肥胖导致胰腺的脂肪浸润, 随着肥胖的进展, 储存多余能量的脂肪细胞发生肥大和增生, 当循环中甘油三酯及游离脂肪酸(free fatty acids, FFAs)的水平超过脂肪组织的代谢能力时, 即可能作为异位脂肪而沉积在非脂肪组织, 如骨骼肌、肝脏、心脏、胰腺等, 而胰腺则是对脂肪沉积更加易感的器官[57]. 持续、过度的脂质沉积导致了β细胞功能障碍及胰岛素分泌障碍. 导致胰腺脂肪堆积的可能机制为: (1)腺泡细胞死亡, 继之以脂肪组织替代; (2)与过度能量平衡相关的细胞内甘油三酯堆积[4,6].

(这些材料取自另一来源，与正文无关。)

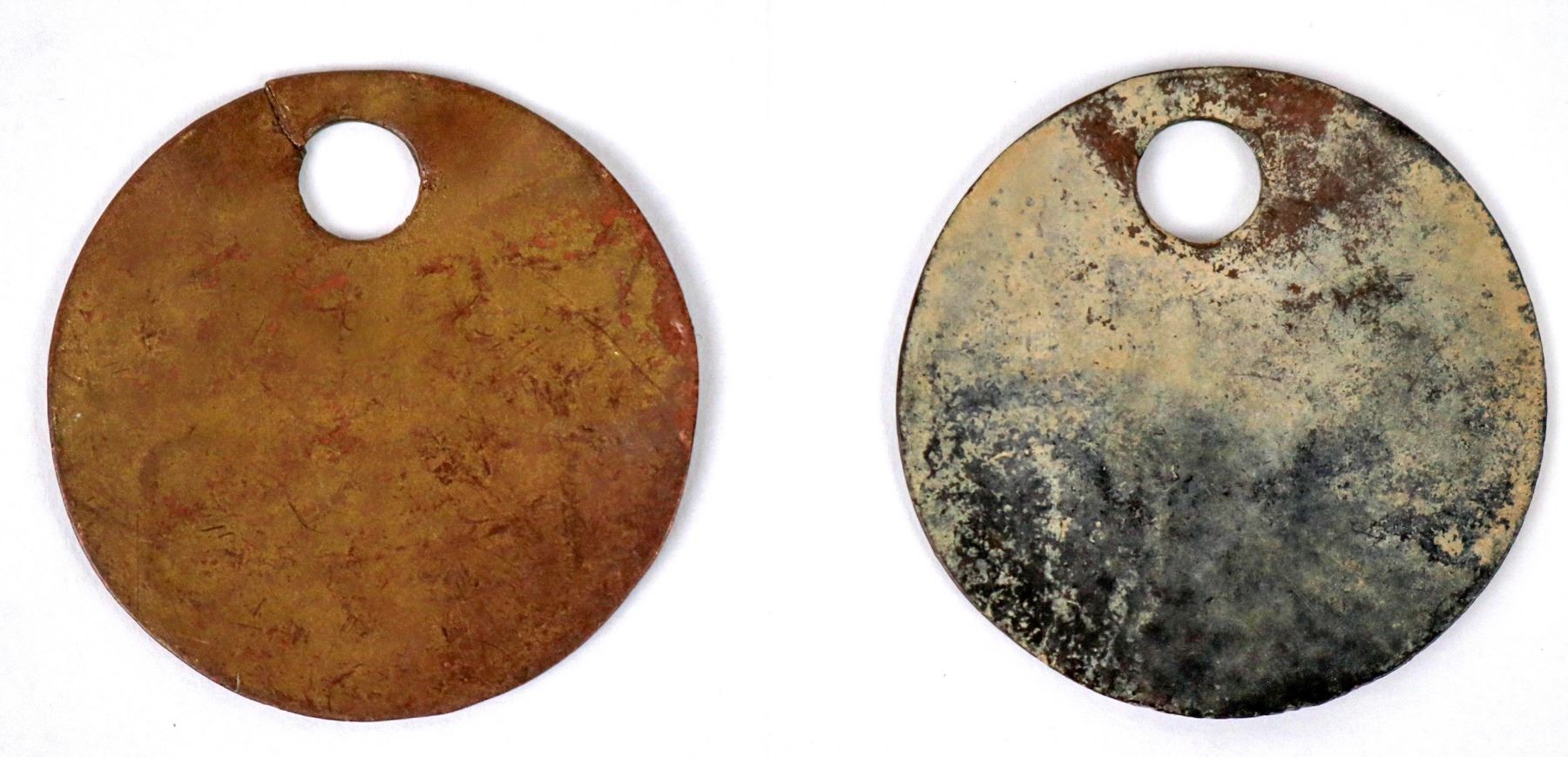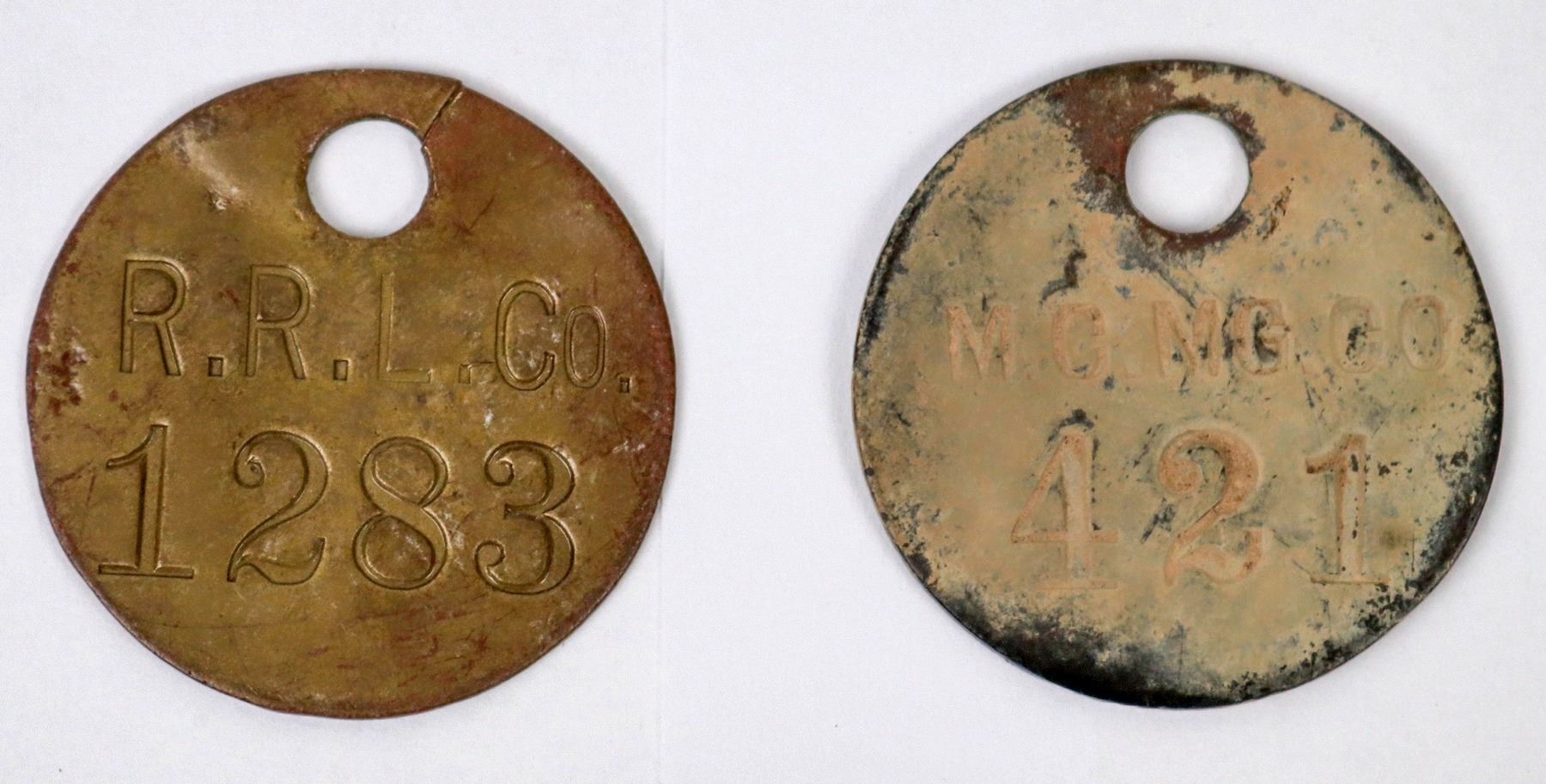 MC MG co & RRL co mining tags found in Nevada. Tags measure 1.4" across, with .25" keychain holes. Please inspect photo.

VAT可能是肝脏及胰腺脂肪变发展中的一个重要致病因素, 而且已被证实为导致术后胰瘘的危险因素. VAT的内分泌比较活跃, 产生和释放大量细胞因子及促炎因子, 脂肪因子包括瘦素和脂联素, 细胞因子包括TNF-α、IL-6及单核细胞趋化蛋白-1, 巨噬细胞产生IL-1b及髓过氧化物酶[58], 由此, 一种组织的促炎状态建立起来, 进一步促进IR的形成、以及甘油三酯脂解, 从而释放更多的FFAs进入循环及远端器官组织的异位脂肪沉积, 形成一种恶性循环. FFAs以Toll样受体4(TLR-4)依赖的方式介导内脏脂肪细胞的炎症[58]. 也有学者提出, 与肝脏内甘油三酯沉积有所不同, FP在组织学上以脂肪细胞数量增多为特征[59,60]. 肥胖大鼠的胰腺中促炎细胞因子如TNF-α、IL-1β水平升高[61].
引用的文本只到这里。